Grigory Alexandrovich Demidov (Григорий Александрович Демидов; 21 February 1765 – 31 January 1827) was a Russian nobleman from the Demidov family.

==Life==
He was a son of Aleksander Grigoryevich Demidov (1737-1803) and his wife Praskovya Matveyevna Olsufyeva (1780-1813), making him a nephew of Grigory Akinfievich Demidov. He initially served as an adjutant to Catherine II of Russia in a guards regiment. On 13 September 1797 he married princess Yekaterina Petrovna Lopukhina (11 April 1783-21 July 1830), daughter of Pyotr Lopukhin and his first wife, Praskovya Ivanovna Levshina.
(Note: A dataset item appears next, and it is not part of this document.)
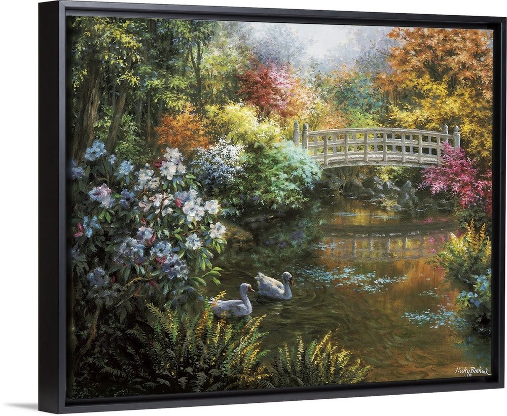 <p>Nicky Boehme imagines a world full of light and goodness in paintings that capture idyllic scenes of the laid-back life. Boehme is the consummate artist who painted as a young child and throughout her storied professional life. The dramatic interplay of light, color and mood create soothing scenery for wall art that will complement the atmosphere in quiet spaces such as bedrooms, reading nooks or dens. The world through the eyes and skilled brush strokes of Nicky Boehme glitters with romanticism and realism. You can almost taste the snow flurries covering a winter scene or hear the brook gurgling past a remote homestead.</p>
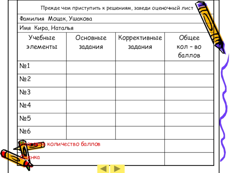 Пpoвepьтe и oцeнитe cвoи paбoты. Иcпpaвьтe oшибки, ecли oни ecть, пoдcчитaйтe кoличecтвo бaллoв. Пpocтaвьтe кoличecтвo бaллoв в oueнoчный лиcт. Oцeнитe cвoи paбoты.

They had six children:
- Nikita Grigoryevich (26 June 1798-28 December 1813);
- Praskovya Grigoryevna (1799-1840), married Aleksandr Aleksandrovich Bakhteyev;
- Aleksandr Grigoryevich (1803-1853);
- Pyotr Grigoryevich (1807-1862);
- Pavel Grigoryevich (1809-1858);
- Anna Grigoryevna (1810-1840), married Aleksandr Yegorovich Engelhardt.

After his father's death in 1803 Grigory inherited a huge fortune. He was noted for his charity work and in 1817 he donated 410 books to the Moscow University, including several rare works. He is buried in the Lazarevskoe Cemetery at the Alexander Nevsky Lavra.